How To Install And Use Oood
Contents
News
- March 11th, 2008
There is a bug of OOo2.2.1 that Oood sometimes fails to open microsoft word file. Recommend to use OOo2.3.
- June 28th, 2007
Multi-oood - a proxy dispatching requests to a number of oood's - is now available.
- May 31st, 2007
Five client codes are now available: Python, PHP, Java, C++ and Ruby.
- May 29th, 2007
Lots of improvements have been made: oood now supports nearly all file formats, can generate non-ODFs from other non-ODFs, has a more user-friendly configuration file, and the old implementation has been removed alltogether.
- May 8th, 2007
The oood passed the ultimate test - it converted 100,000 docs, working continuously for four days, under a heavy load. The test results can be viewed at http://erp5.pl/stats.txt. Hooray!!!
- May 3rd, 2007
The oood - implementation 2 is basically finished; it uses a new protocol for client-server communication. We also eliminated the use of None, so SimpleXMLRPCServer patch is not required anymore. Also, I found out that the reason oood was segfaulting was thread-unsafety of pyuno. The way to run it safely now is to use a pool of only one worker (config.pool_size=1), then it survives the worst treatment imagineable. I'll write a new version, which will spawn workers into separate processes, in a few weeks.
- April 21st, 2007
The Dispatcher is basically working - it passes testOoodBasicOperations.py and survives if worker is destroyed manually and if OOo instance is killed. However, there is still a long way to go. To use the new implementation, set "implementation" in config.py to 2 (default is 1). Backward compatibility is maintained. If you use implementation 2, there is no need to run start.py --init, OOo instances are started by the daemon.
- April 18th, 2007
New method "printDocument" - prints the given document directly from the daemon's OOo instance, so if the printer is available for the serwer, the doc does not need to be converted and returned to be printed.
- April 11th, 2007
The request handling part is going to be rewritten completely - the serw. Procesor class will be replaced by Dispatcher, which will be the only handler for timeouts and exceptions.
The program
The name
The name "oood" is an abbreviation - it stands for "OpenOffice.org Daemon". Some people who feel uncomfortable with the name (saying "oh oh oh dee" makes them feel like stutterers), so we are still experimenting with other options (including "office-daemon", "oh-daemon" and "pokemon").
The idea
The oood is an XMLRPC server capable of converting office-type files between various formats (basically MSOffice and OpenOffice), generating PDF and HTML, and also editing metadata of documents. It is capable of doing almost anything that OpenOffice.org can do; one limitation is that it doesn't let you choose save options (like encoding, separators in csv etc), and always uses default values.
The way it works
An initialization script starts an OpenOffice processes. It is started in background and uses virtual display, so you don't see it. Then the daemon creates a "worker" object, communicating with the OpenOffice through sockets. The server waits for an incoming request, the pool dispatches it to the worker if it is available (or waits until something becomes available) and so on.
Installation
Requirements
Currently, oood works with OpenOffice 2.0.3 or 2.1 and Python 2.4. It has been successfully tested with the following versions of OpenOffice:
There is a bug on OOo2.2.1 that Oood sometimes fails to open microsoft word file. Recommend to use OOo2.3.
- 2.0.3-7
- 2.1.0-6
- 2.0_64
- 2.2 with python2.5 (mdv 2007 spring)
- 2.3
A combination of Python 2.5 and OpenOffice 2.1 does not work because this version of pyuno library is not compatible with Python 2.5.

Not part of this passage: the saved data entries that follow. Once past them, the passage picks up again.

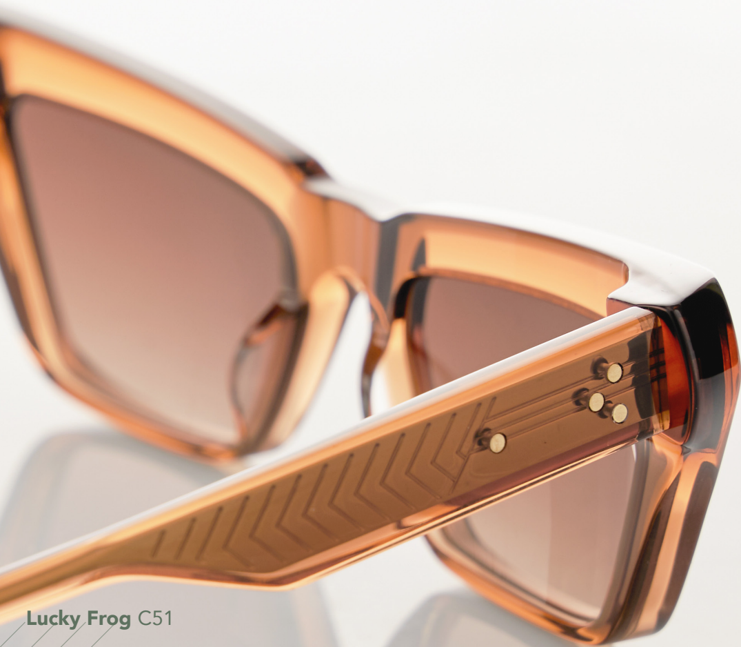
Lucky Frog C51

Between clean silhouettes and chunky frames, plays of color and crystal finishes, without ever overshadowing functional lightness .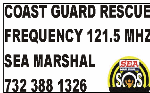
Back of card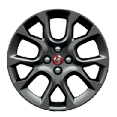
17-Inch Gun Metallic Wheels Standard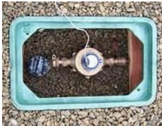
Meter Located Inside Box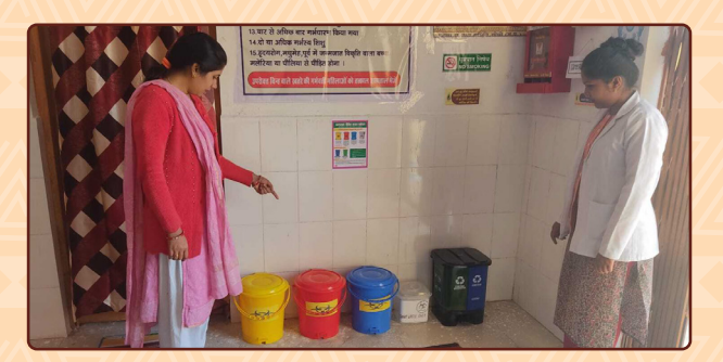
Kayakalp Preparation in the districts

Peer support is indeed a cornerstone of healthcare improvement. Mentorship skills, hands-on experience, and fostering connectivity among healthcare workers are critical elements in this process.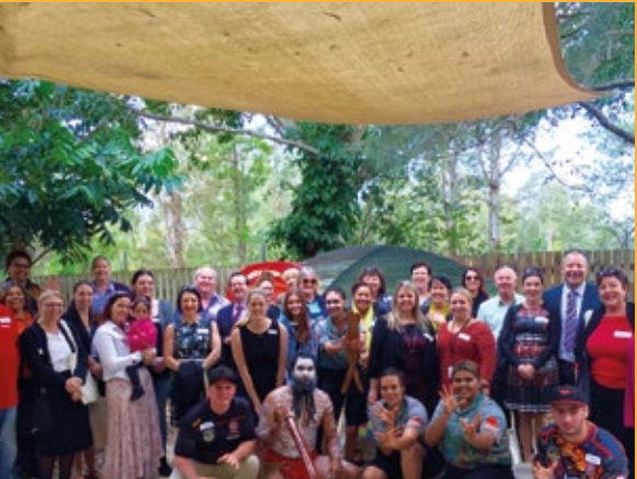
KA QLD RAP event in Dreamworld.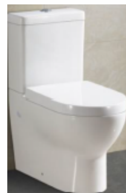
Back to wall toilet suite

Disclaimer: The Bathla Group reserves the right to amend prices and specifications without prior notice or obligation. The inclusions are current at time of printing but subject to change depending on availability.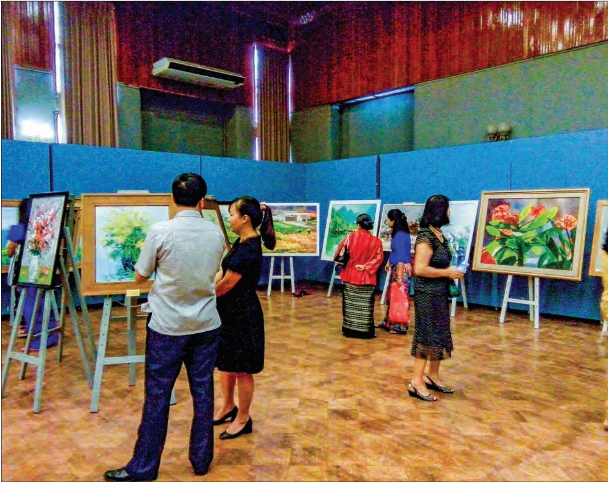
Visitors view paintings at the Myanmar-Viet Nam art exhibition at the National Theatre in Yangon.

Twenty-nine paintings of Viet Nam and 23 of Myanmar showing the charm and beauty of both countries are displayed at National Theatre in Yangon. For the third time the Myanmar-Viet Nam art exhibition is being held from 17 to 22 September with the aim of promoting cultural and arts of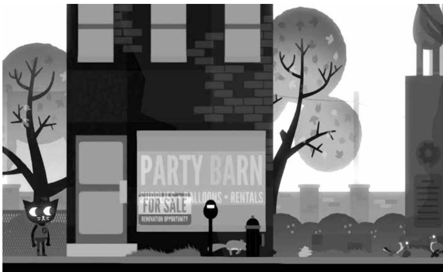
Figure 3. Mae and the closed Party Barn

(31) as demonstrations of how games can make class visible yet fail to provide a useful way to think about class in broader terms.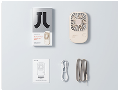
Image 2.1: Illustration of the items included in the product package.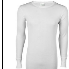
INDER # I286LSW WHITE

ICETEX: 100% HydroPur Inside - 100% Cotton Outside. Heavyweight. Wicks moisture. Added cotton for comfort. Scent blocking. Rib cuffs. 8.0 oz Ship. Wt. 18oz. Privil. A/B-2, SHU/PSU-2 Sizes: Men's: M - XL $12.99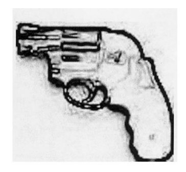
Frame 1 Frame 20 Frame 41

Eberhardt and colleagues found that participants primed with black faces were able to accurately identify the gun after fewer frames (in a more degraded state) than participants who saw white faces or no faces at all. Further, participants recognized crime-related objects more slowly after seeing white face primes than after seeing no primes at all. The authors interpreted these two findings to mean that thinking about black individuals made the category of crime more cognitively accessible, while thinking about white individuals made crime less cognitively accessible. To state the point slightly too strongly, black faces encouraged participants to attend to crime, whereas white faces encouraged them to ignore it.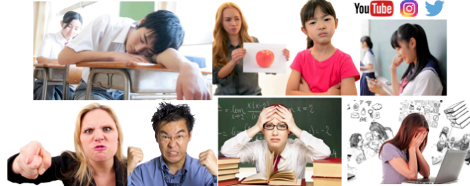
Isolation - "Egg carton profession" (Lortie, 1975)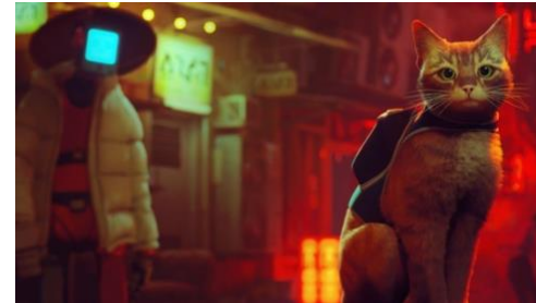
Annapurna Interactive Stray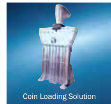
Coin Loading Solution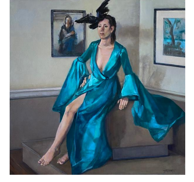
The Fascinator 36 x 36 oil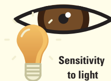
Sensitivity to light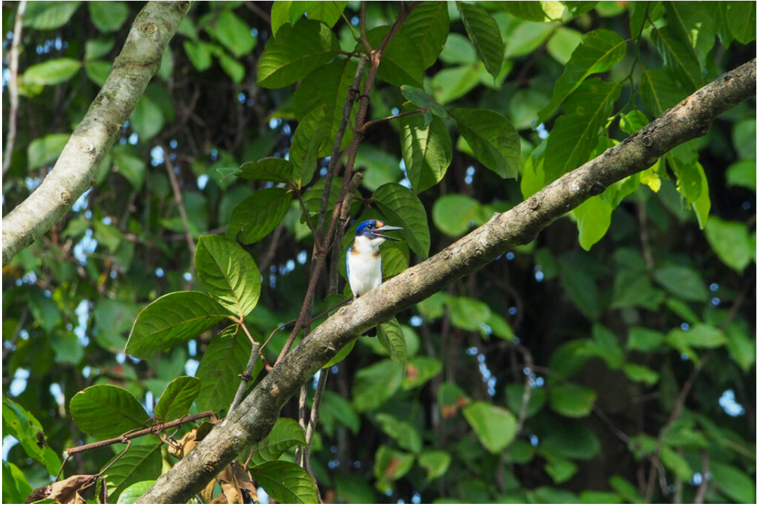
juvenile Blue-and-white Kingfisher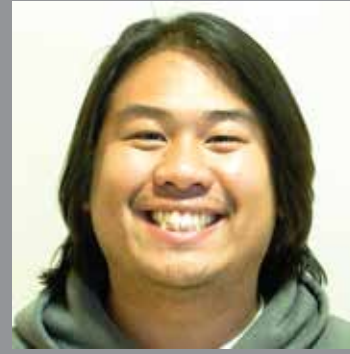
Candidate for Community Affairs Rep-At-Large

My intention to apply is to improve the experiences for organizations. Considering I run two organizations, I understand the difficulties as well as the struggles to succeed. Through my experience as an organization leader, I plan to use it to my advantage in order to improve our current situation.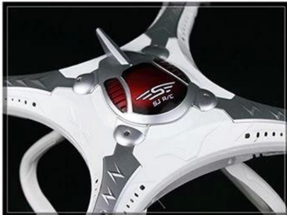
1 UNIQUE APPEARANCE DESIGN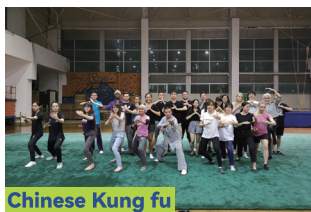
Chinese Kung fu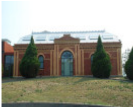
BENDIGO ART GALLERY SOHE 2008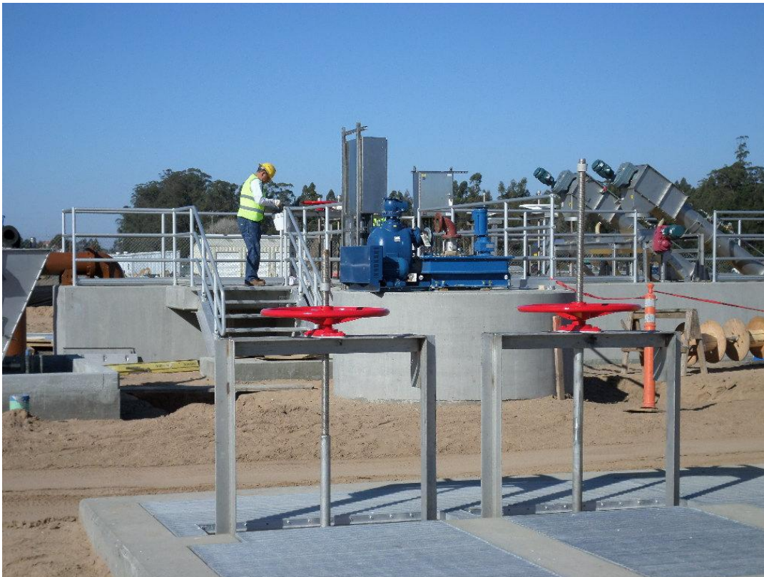
KNK Coating applying red coating to the actuators.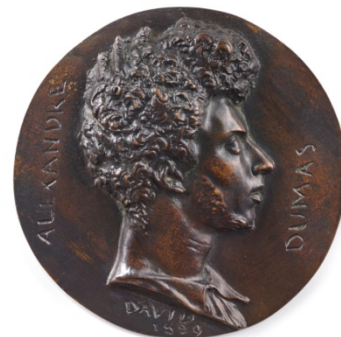
David d'Angers (1788–1856), Alexandre Dumas , 1829, bronze, private collection

With notable exceptions, David's medallions present portraits in profile, a standard composition that stems from ancient coins. Like so many other artists in the late eighteenth and early nineteenth centuries, David valued the profile view for its ability to quickly and accurately describe an individual. As he explained, "I have always been moved by the sight of a profile. The profile is in relation to other beings; it will shun you, it doesn't see you. The [full] face shows you more traits, and is more difficult to analyze. The profile is unity." Although profile views typically evoke stillness and linearity, the high relief and expressive surfaces of David's medallions produce complex and constantly shifting light effects—the bronze discs seem to tremble within one's grasp. This effect is only heightened in examples such as the Alfred de Musset , where the figure is caught in a three-quarter view, emerging fluidly from its concave background.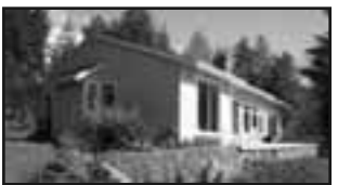
2601 Seaside Drive

fresh designer paint. Open concept LR & DR w/walls of windows, propane FP & island kit. MBR has w/i closet, b/i dressers, soaker tub & French doors to huge ocean view deck. Sunny, s-w facing, fenced, gated, landscaped, 3 decks, pond & trails thru forest to horse stable/paddock. MLS274265.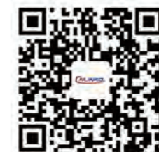
CNLINKO official website QR code for harness and connector customization area

Scan the QR code below to check the harness and connector customization area of CNLINKO official website. If you have any doubts, you can contact the online customer service for more detailed product information.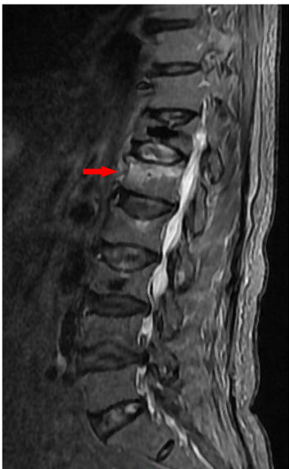
FIGURE 1 Preoperative MRI of lumbar spine suggested compression fracture of L1 vertebral body.

An 85-year-old male patient was admitted to the hospital because of “low back pain with limited activity for 20 days”. The patient’s height 172 cm, weight 64 kg, BMI 21.6. The patient had a history of hypertension, denied a history of coronary heart disease, and had a history of thoracolumbar 12, lumbar 4, and lumbar 5 vertebroplasty. Lumbar magnetic resonance examination ( Figure 1 ) was performed on admission. The diagnosis was fresh compression fracture of lumbar 1 vertebral body. Percutaneous vertebroplasty of lumbar 1 vertebral body was performed. The surgical process is as follows: first, locate the lumbar 1 vertebral body, apply local anesthesia at the insertion point, puncture, and fluoroscopy show that the working channel enters the anterior one-third of the lumbar 1 vertebral body along the pedicle of the vertebral arch. Mix bone cement to a wire drawn shape, inject 2.5 ml of bone cement into the right channel to the vertebral body, and the fluoroscopy shows that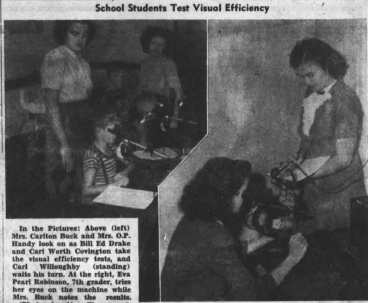
School Students Test Visual Efficiency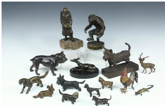
A portion of the bronze sculpture being offered, 18 lots in all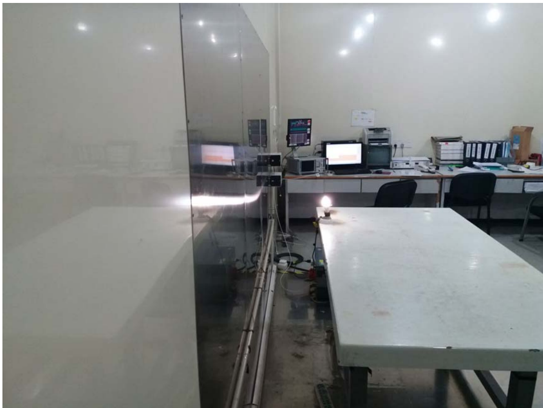
Side View of Conducted Disturbance Measurement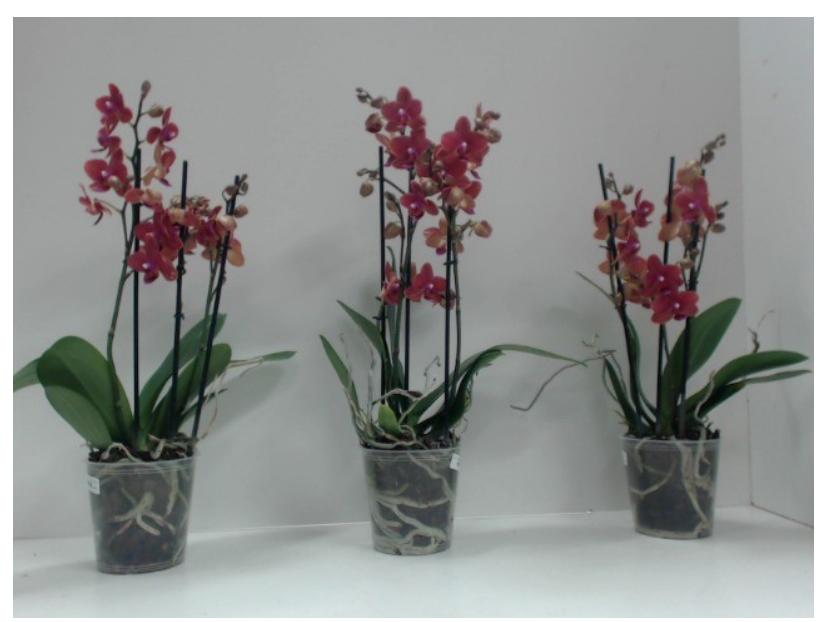
382. Consumer simulation day number 0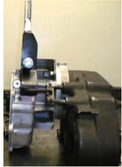
"T" handle linkage installed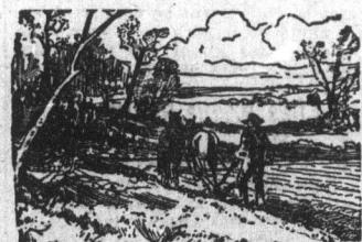
The American Farmer the Best in the World.

Regular weekly prayer meeting on Wednesday evening at 8 o'clock.

You also need Xvfb (virtual frame buffer).
From RPMs
Download an openoffice.org-oood RPM from Nexedi's repository, install, done. But, don't do it now - RPM contain an old version. Check out from svn, wait for new RPMs.
Installation on 64-bit architecture
Largely the same as on 32 bit, only you need OpenOffice 64 bits from the "backports" repository (e.g. ftp://fr2.rpmfind.net/linux/Mandrakelinux/official/2007.0/x86_64/media/main/backports
From source
Check it out from svn at:
https://svn.erp5.org/repos/public/erp5/trunk/utils/oood
You can also patch the file:
[OpenOffice-installation-dir]/share/registry/data/org/openoffice/Setup.xcu
With this: openoffice.org-2.0.3-skip-registration.patch. Otherwise the OpenOffice will expect you to register, and since it is started in the background it won't really start (unless you use the --top option and click through registration).
Setting up
One problem with OpenOffice is that loads very long if it does not have Java path configured - this is why instance load time in config.py is by default 120 seconds. The way to make it shorter is run
start.py --top
This starts OpenOffice in the foreground - in each instance go to options->java, set path to your j2re installation. Then you can change 120 seconds into 10 seconds. Also you may need to make sure that the owner of the oood_instance is oood like this
chown -R oood:oood /var/run/oood
Configuration
Edit oood.conf - most of entries are self-explanatory or described in the file.
- instance_load_time - see above
- instance_timeout - defines how long the oood is working for an OOo instance before deciding it is not going to return, because it froze or crashed; too small a value will make processing big files impossible, too high will slow down processing if many files are broken. Something like 30 seconds should be ok.
- formats to use or to skip = oood supports 111 file formats, so if you fill a dropdown in your client application with all formats allowed for, say, text file, it can be quite long; to make it shorter you can tell oood which formats to skip, or which to use (and skip all the rest)
Running
Starting up
The manual way to run it in the foreground is:
cd /var/lib/oood ./runserw.py --start
To start oood at specified port number offset, type:
cd /var/lib/oood ./runserw.py --start --offset=n
for instance:
./runserv.py --start --offset=1
would start oood on port 8009 if oood.conf specifies port 8008. This way many oood instances can be easily started without a need to create own config file for each instance. Port offset can be negative.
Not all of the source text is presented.